Во всем ее теле была какая-то правильная кривизна, будто в арках Тиция, нет, будто в каменных дырах Генри Мура — я это всегда знал, вернее, предчувствовал, еще до того, как увидел ее раздетой в темноте гостиничной комнаты. Но тогда, в «Барклае», я был ничто, умирающий от желания волчонок, я смотрел, но не видел, любовная хмарь помутила мое зрение. Теперь я хотел увидеть ее и резко потянул за край полотенца.

Полотенце упало на пол, обнажив правую грудь и два зубчатых розовых шрама вместо левой. Опустив глаза, я увидел атласистый живот и мокрый клочок волос, похожий на лисье ушко, но тетка даже не пошевелилась, чтобы прикрыться. Шрамы были странной формы, как будто ее дважды ударили в грудь острой шестеренкой.

— Ну вот, — вздохнула она, — теперь ты знаешь.

— Больно было? — спросил я, протягивая руку, чтобы дотронуться.

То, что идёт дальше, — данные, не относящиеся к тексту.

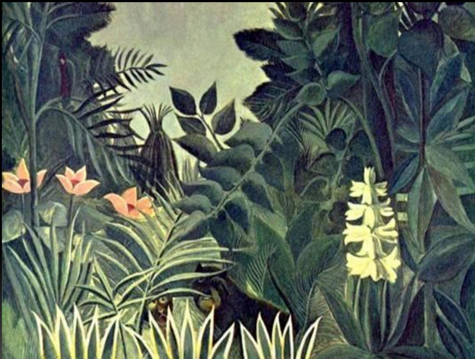
Анри Руссо «Экваториальные джунгли»

Тетка не ответила, она смотрела через мое плечо, приоткрыв рот, ее темные зрачки расширились и заполнили радужку целиком. Я обернулся и увидел, что дверь ванной комнаты открыта и в ней, будто в высокой портретной раме, стоит мать. В руках у матери был сверток, пахнущий жженым сахаром, на черном лисьем воротнике таял снег, а на лице быстро замерзали глаза и рот.

* * *

Незлобивые лапландцы

там в глуши своих селений

мирно пьют из толстых кружек

благодатный жир тюлений.

— Выходи, Кайрис, — конвоир протянул мне руку и выдернул меня из машины, как лисичку из сырого мха. — Двигайся вперед, по сторонам не смотри.

Смотреть было особенно не на что: здание, выкрашенное в цвет яичницы-болтуньи, дорога из ракушечника и живая изгородь, на которой еще не проклюнулось ни листочка. Вывеска морга едва поблескивала на стене, я даже не разглядел ее поначалу, зато дверь была парадной, высокой, двустворчатой, заноси хоть целый полк под знаменами. На широком гранитном крыльце маячил санитар, или еще кто-то в белом, его халат был распахнут и развевался на ветру, будто сигнал бедствия. Небо побелело, птицы исчезли, стало тихо и холодно, я понял, что сейчас начнется буря, и ускорил шаг, направляясь к дверям мертвецкой. Снаружи — смерч, а внутри — смерть, сказал бы я Лилиенталю, будь он рядом. Ему бы понравилось.